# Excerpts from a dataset
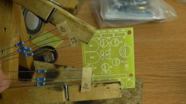 Первым делом начнем с резисторов, которых в комплекте в два раза больше, чем нужно. Скорее всего сделано это про запас. Определять номиналы данных резисторов не нужно, так как они уже подписаны изначально на бумажке. Номиналы резисторов смотрим по инструкции и согласно ей устанавливаем их на плате.
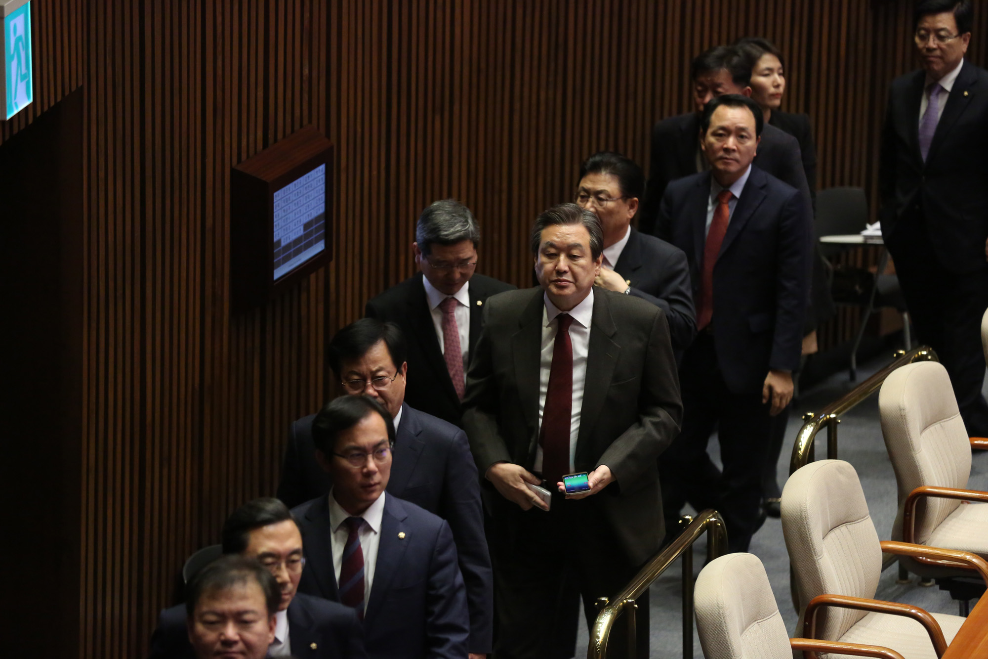 김무성 새누리당 전 대표가 9일 오후 국회 본회의장에서 열린 박근혜 대통령 탄핵소추안에 투표에 참여하고 있다.
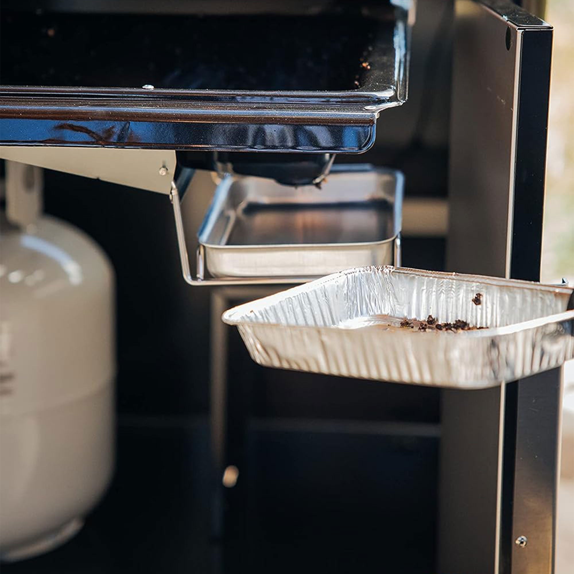 - Pull-out grease tray makes cleaning up after cooking a breeze
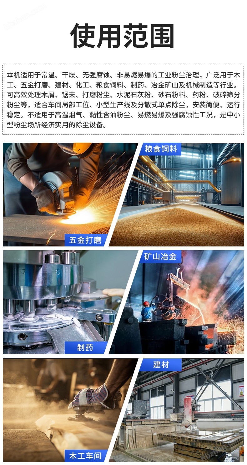 適用用途:主要用于木工家具、五金打磨、建材破碎、飼料化工、粉料包裝、水泥砂石、機(jī)械加工等行業(yè)。可收集鋸末、砂石粉塵、金屬打磨粉塵、破碎揚(yáng)塵等,有效改善車(chē)間環(huán)境,滿足環(huán)保排放要求,適用于中小型產(chǎn)塵點(diǎn)位的就地除塵與粉塵收集。
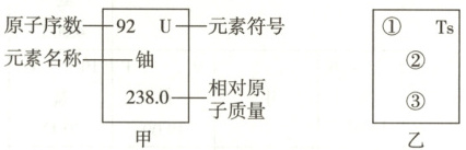 4. 某元素原子核外电子数为 117,中子数为 174,相对原子质量为 291,元素符号为 Ts。请模仿甲,将该元素对应信息填写到图乙中相应位置,“①”处应填(
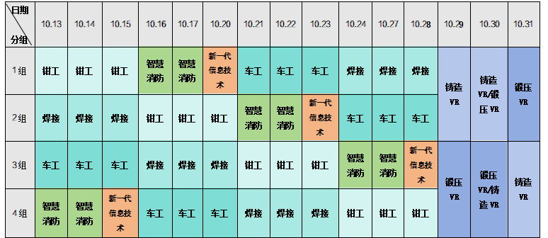 【5】实训老师安排:钳工:王昊 冯革新;焊接:赵杰、凃英明、崔敏;铸造VR:李洪营;锻压VR:张维娜; 车工:谢琛; 智慧消防:王丛雷、周亚莉,新一代信息技术:李晓峰。
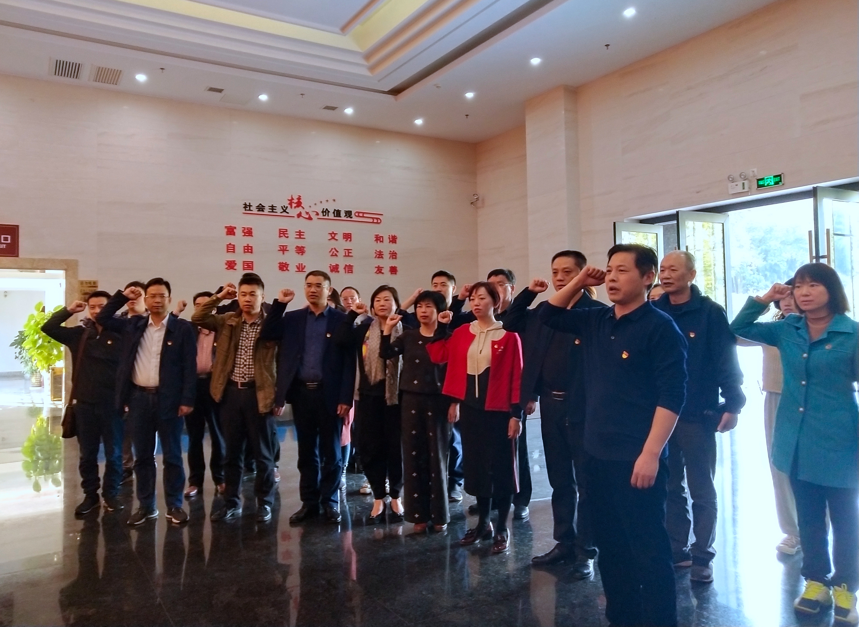在何长工同志的雕像前,大家举起右手,面向党旗再次庄重宣誓,表达为党的事业奋斗终生的决心!
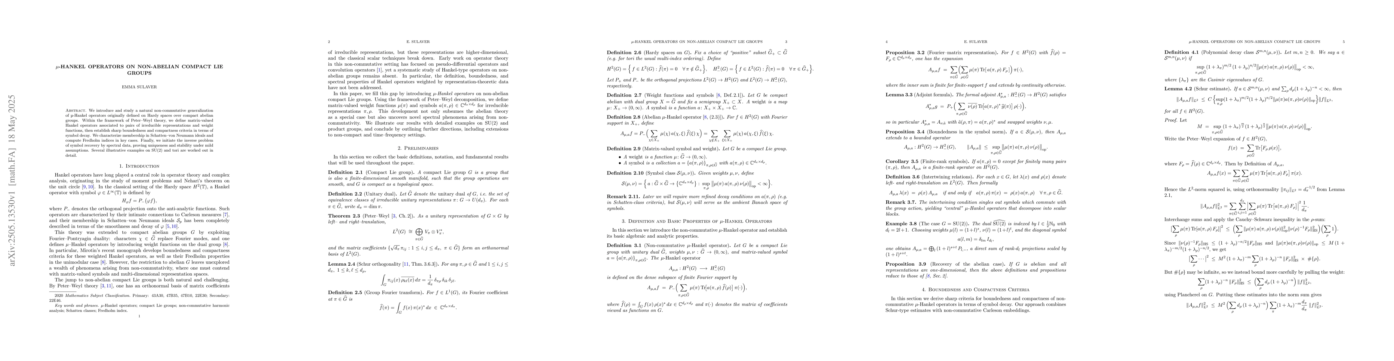 The research introduces and studies μ-Hankel operators on non-Abelian compact Lie groups, generalizing the concept from Hardy spaces over compact abelian groups using Peter-Weyl theory. It establishes boundedness and compactness criteria, characterizes membership in Schatten-von Neumann ideals, computes Fredholm indices, and initiates the inverse problem of symbol recovery.

# WORK TO BE COMPLETED
What is needed is an exact copy of the entries, without any images.

# RESULT OF THIS TASK
 Первым делом начнем с резисторов, которых в комплекте в два раза больше, чем нужно. Скорее всего сделано это про запас. Определять номиналы данных резисторов не нужно, так как они уже подписаны изначально на бумажке. Номиналы резисторов смотрим по инструкции и согласно ей устанавливаем их на плате.
 김무성 새누리당 전 대표가 9일 오후 국회 본회의장에서 열린 박근혜 대통령 탄핵소추안에 투표에 참여하고 있다.
 - Pull-out grease tray makes cleaning up after cooking a breeze
 適用用途:主要用于木工家具、五金打磨、建材破碎、飼料化工、粉料包裝、水泥砂石、機(jī)械加工等行業(yè)。可收集鋸末、砂石粉塵、金屬打磨粉塵、破碎揚(yáng)塵等,有效改善車(chē)間環(huán)境,滿足環(huán)保排放要求,適用于中小型產(chǎn)塵點(diǎn)位的就地除塵與粉塵收集。
 4. 某元素原子核外电子数为 117,中子数为 174,相对原子质量为 291,元素符号为 Ts。请模仿甲,将该元素对应信息填写到图乙中相应位置,“①”处应填(
 【5】实训老师安排:钳工:王昊 冯革新;焊接:赵杰、凃英明、崔敏;铸造VR:李洪营;锻压VR:张维娜; 车工:谢琛; 智慧消防:王丛雷、周亚莉,新一代信息技术:李晓峰。
在何长工同志的雕像前,大家举起右手,面向党旗再次庄重宣誓,表达为党的事业奋斗终生的决心!
 The research introduces and studies μ-Hankel operators on non-Abelian compact Lie groups, generalizing the concept from Hardy spaces over compact abelian groups using Peter-Weyl theory. It establishes boundedness and compactness criteria, characterizes membership in Schatten-von Neumann ideals, computes Fredholm indices, and initiates the inverse problem of symbol recovery.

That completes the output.